Ira Pande comments on her translation of Prabha Khaitan’s “A Life Apart”

Ira Pande comments on her translation of Prabha Khaitan’s “A Life Apart”

I wrote a comment about the wonderful translation Ira Pande had done of A Life Apart ( http://www.jayabhattacharjirose.com/jaya/2013/05/03/prabha-khaitan-a-life-apart-an-autobiography-translated-from-the-hindi-original-by-ira-pande/ ), ruing the fact it was sans a translator’s note. The very next morning I received the following note from Ira Pande. Thank you!
6 May 2013

On translating Prabha Khaitan
I have always been fascinated by autobiographies because they reveal unknown sides of the person behind the narrative. These are often not visible even to the author of the autobiography, yet they appear to the reader quite clearly. I found this when translating my mother’s writing, even though I thought I knew all about her.

I did not know Prabha Khaitan personally but her story touched something in me. For one, here was a woman who was fearless about revealing the most intimate details of her life and one looked at herself with a dispassionate eye. I tried to get a sense of her when her foster son, Sundeep Bhatoria, asked me to translate her autobiography, but he said he had never been able to get himself to read it and refused to be drawn into a discussion. So her life was a mystery locked in a story she had left behind.
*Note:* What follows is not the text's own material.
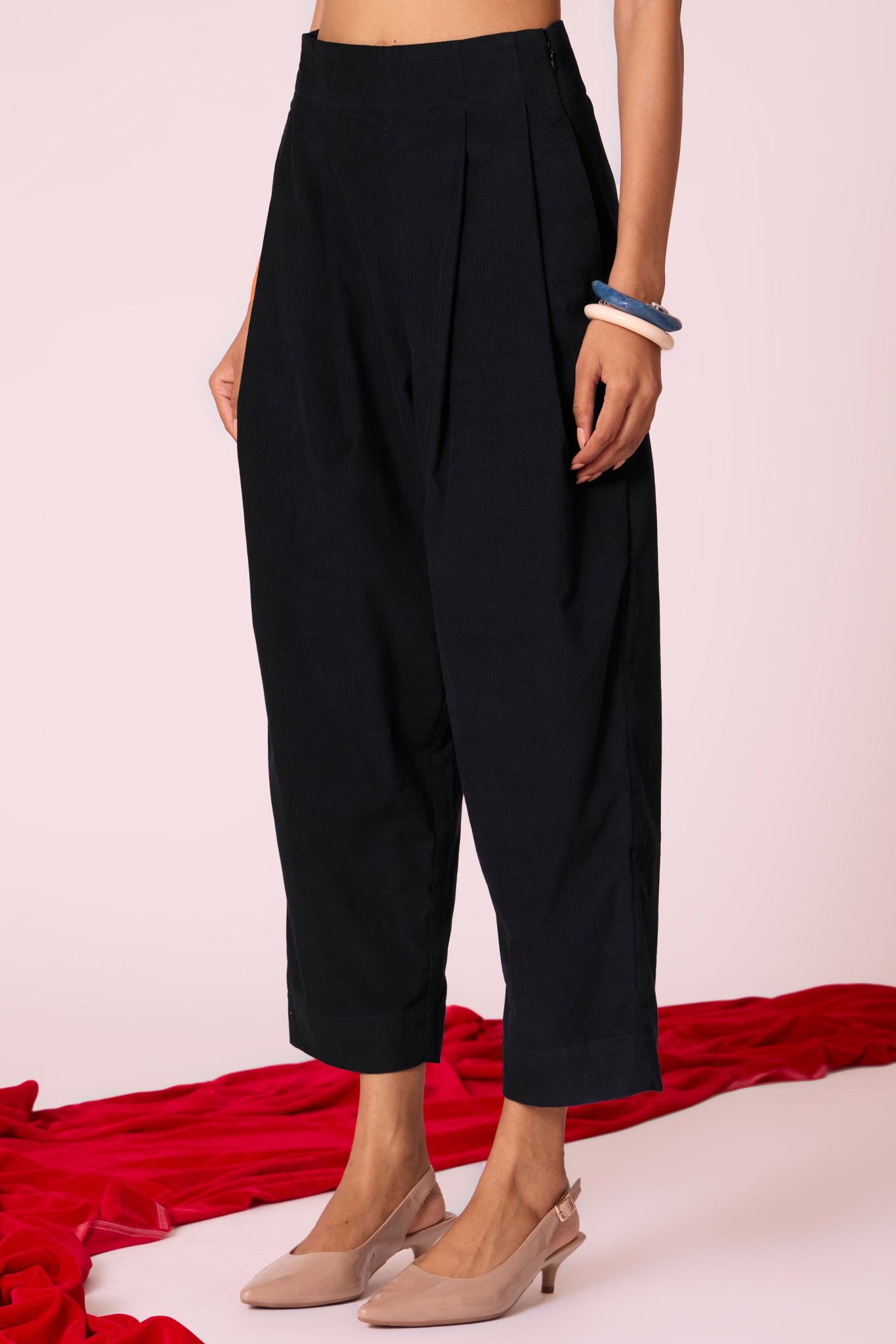Sharply tailored and quietly structured, the Bandra pants are a house favourite - balancing precision with ease. Crisp pleats contour the waist while the cropped, high-rise silhouette maintains a clean, modern line.

What first struck me was that, despite the honesty and courage, Prabha Khaitan was unable to stand up to a man who appeared petty, petulant and unworthy of her: her lover, Dr Saraf. To me, the original Anya se Ananya, the Hindi version, brought two strange truths together: one was her courage and indomitable will to succeed and defy her Marwari clan and Calcutta society; the other was her disturbing sense of low self-esteem.
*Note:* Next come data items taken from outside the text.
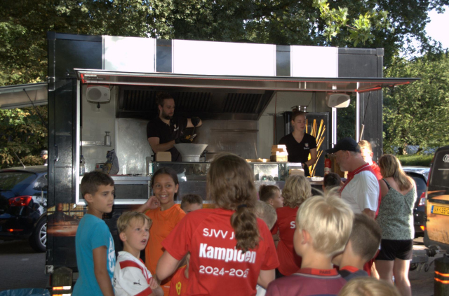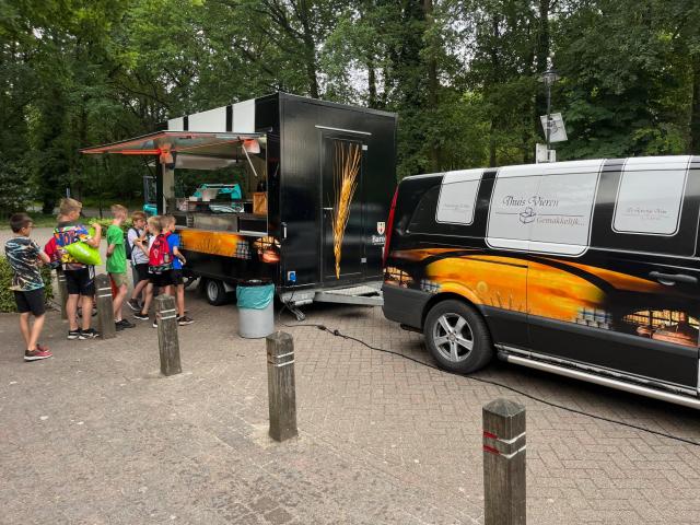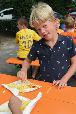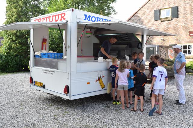 Bij terugkomst hadden we enorme honger, dat  kwam goed uit want Baroef had een frietwagen voor gereden en trakteerden iedereen op lekkere friet en snacks. Bedankt!!
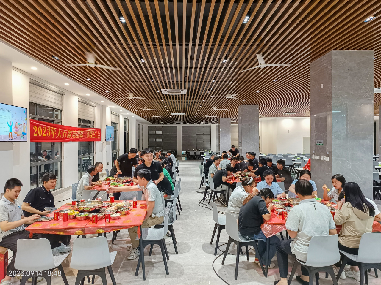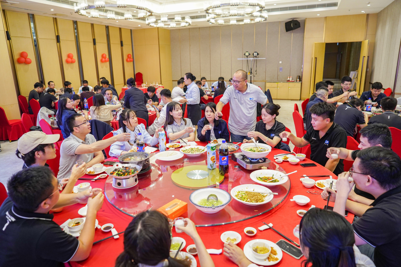 秋风吹来小欢喜,一岁总有一岁期。莆田会场的生日会同样温情满满。颜色分明的鸳鸯锅,琳琅满目的食材,只是看看就令人直吞口水。红油流淌的涮肉、饱满Q弹的丸子、入口即化的豆腐、鲜嫩可口的虾仁......每一口都能吃出幸福的感觉,吃出公司对天石源家人们浓厚的关爱。此外还为家人们送上了象征长寿的生日面条,大家举杯同庆,表达着自己的喜悦之情。
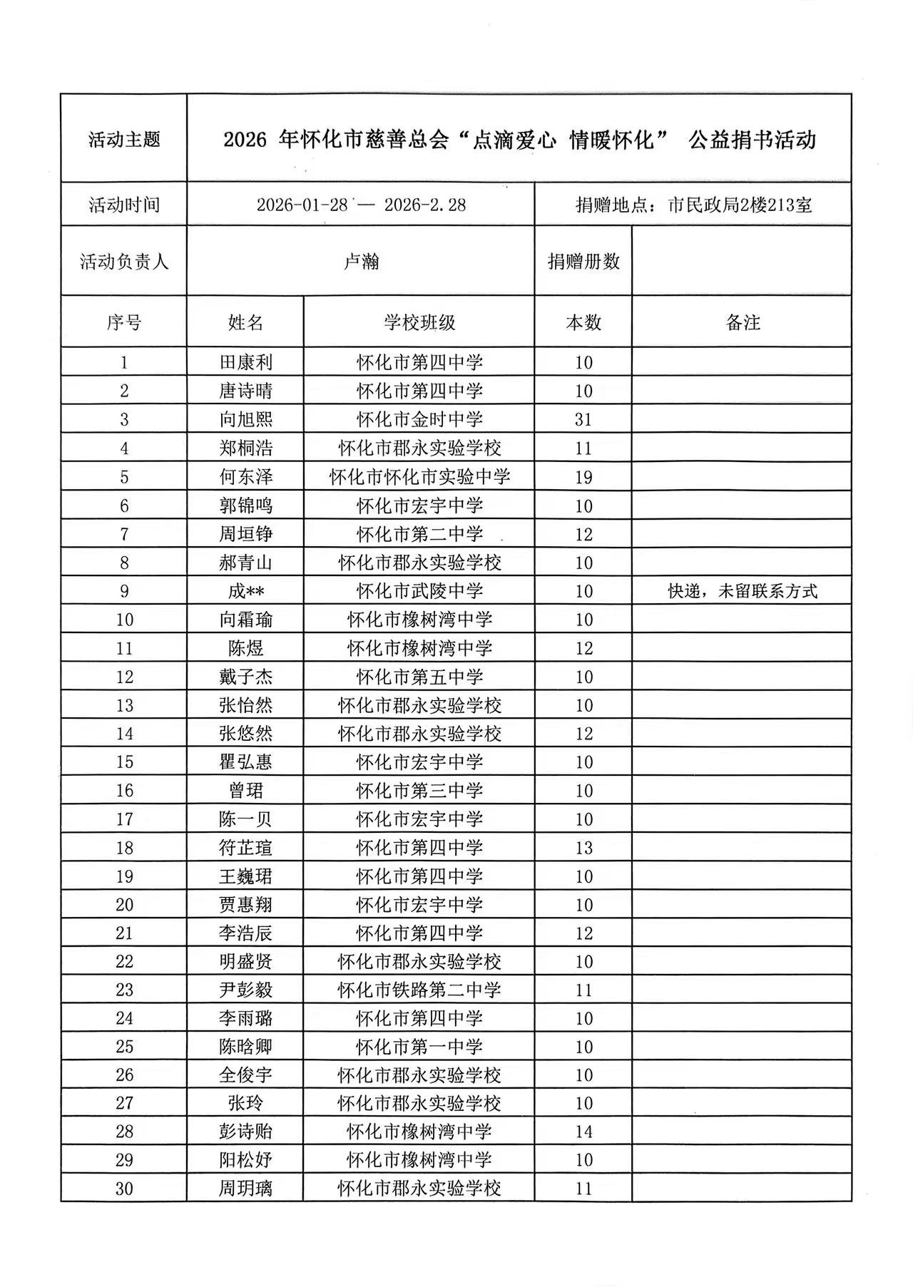 2026“点滴爱心 情暖怀化”公益捐书活动捐赠明细表公示

I feel there is something that a language bestows by its vocabulary to a narrative. Hindi, by its very nature and political history, is the language of the powerless and the exploited. So it lends itself very easily to self-pity. English, on the other hand, is the language of confidence and power just as Urdu is the language of romantic longing and lyric grace, of tragedy and requiems. Translating from one into another requires not just a strong understanding of the cultural predisposition of these languages but the ability to reconcile the two halves. For me, bringing out the courage and the weakness of Prabha’s persona was the problem to grapple with for both had their own place in her life’s story. I am glad that many readers have seen these two strands in my translation.